# RECORDS FOR THIS EXERCISE:
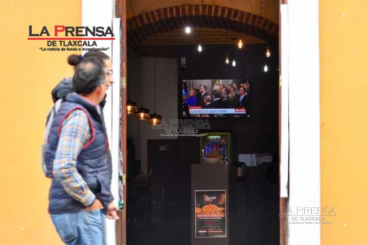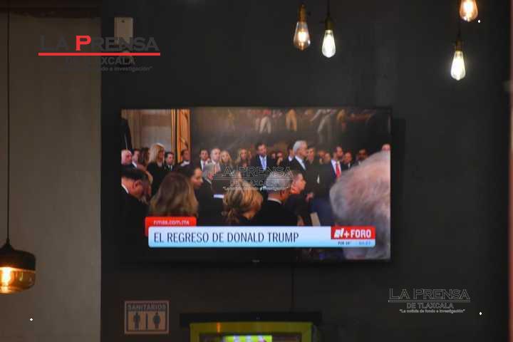 Tlaxcala, Tlax., 20 de enero 2025. La ciudadanía tlaxcalteca también se ha sumado a la transmisión de la toma de protesta de Donald Trump, pues diferentes comercios y restaurantes de la entidad han sintonizado el regreso del político neoyorquino a la presidencia de Estados Unidos a través de cadenas nacionales e internacionales.
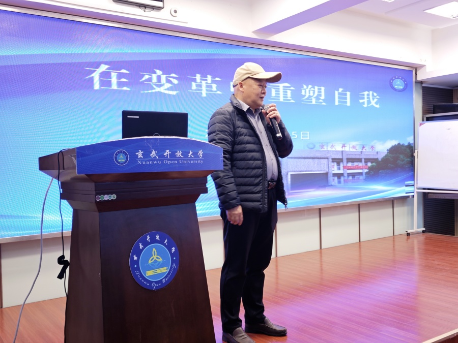 2025年3月15日上午,南京开放大学玄武分校书记、校长张树明以"在变革中重塑自我"为主题,为成人高等教育全体师生上了一堂生动的开学第一课。
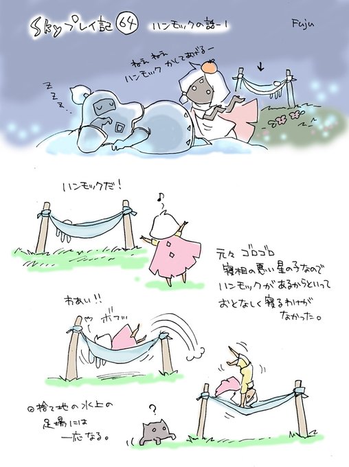 Skyプレイ記録その64・65 ハンモックの話。 風ビトのは吹っ飛ばされた先で隙間に挟まって永遠にぐるぐるする。複数回同じところでハマった。 #thatskygame
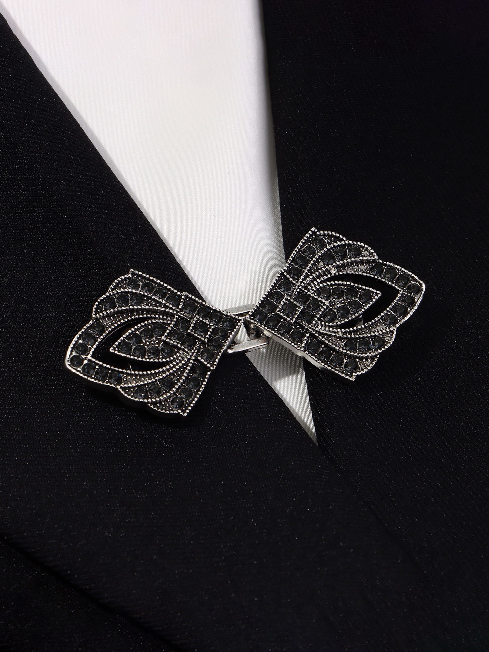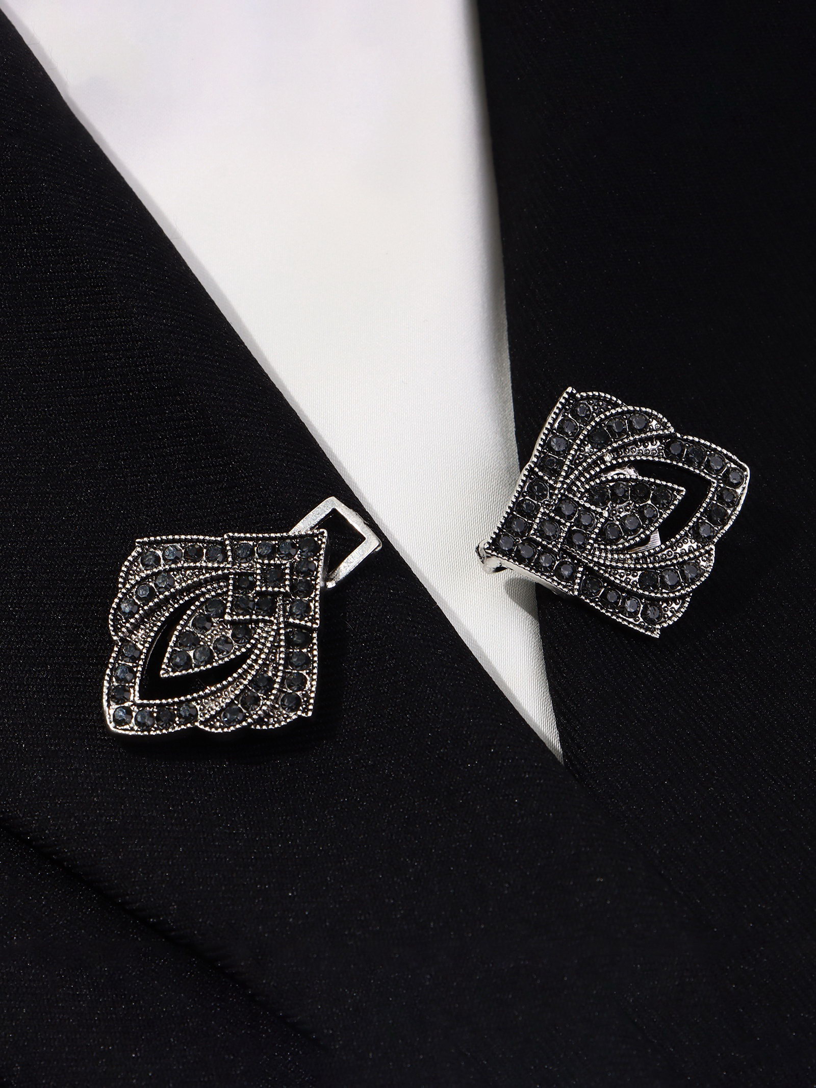 Зажим для кардигана "Пики", цвет чёрный в чернёном серебре, 3.2x3.5x1 см., QF, Китай
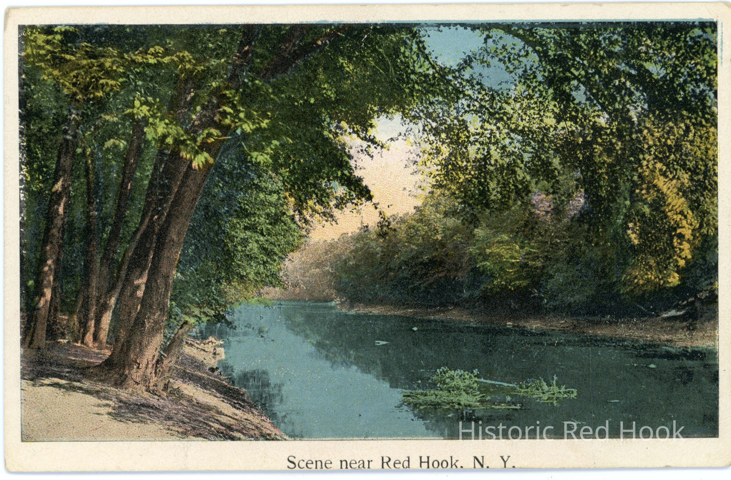 Scene near Red Hook, N.Y. color illustration of a stream lined with trees
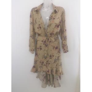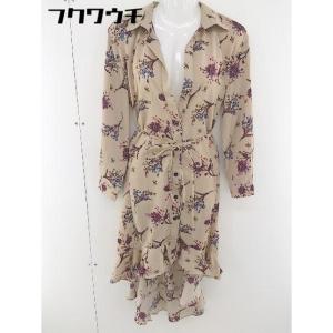 ◇ fifth フィフス 花柄 長袖 ロング シャツ ワンピース サイズM ベージュ系 マルチ レディース
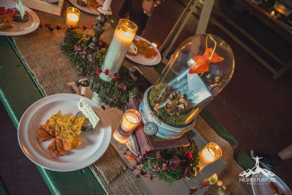 Adventure Welcome Dinner at a summer camp. I used burlap, fall florals, moss, and hand painted menus on leaves to reflect the adventurous tone to this dinner.

# GOAL OF THE EXERCISE:
A verbatim copy of the data, with all pictures omitted, is the required output.

# TASK RESULT:
 Tlaxcala, Tlax., 20 de enero 2025. La ciudadanía tlaxcalteca también se ha sumado a la transmisión de la toma de protesta de Donald Trump, pues diferentes comercios y restaurantes de la entidad han sintonizado el regreso del político neoyorquino a la presidencia de Estados Unidos a través de cadenas nacionales e internacionales.
 2025年3月15日上午,南京开放大学玄武分校书记、校长张树明以"在变革中重塑自我"为主题,为成人高等教育全体师生上了一堂生动的开学第一课。
 Skyプレイ記録その64・65 ハンモックの話。 風ビトのは吹っ飛ばされた先で隙間に挟まって永遠にぐるぐるする。複数回同じところでハマった。 #thatskygame
 Зажим для кардигана "Пики", цвет чёрный в чернёном серебре, 3.2x3.5x1 см., QF, Китай
 Scene near Red Hook, N.Y. color illustration of a stream lined with trees
 ◇ fifth フィフス 花柄 長袖 ロング シャツ ワンピース サイズM ベージュ系 マルチ レディース
 Adventure Welcome Dinner at a summer camp. I used burlap, fall florals, moss, and hand painted menus on leaves to reflect the adventurous tone to this dinner.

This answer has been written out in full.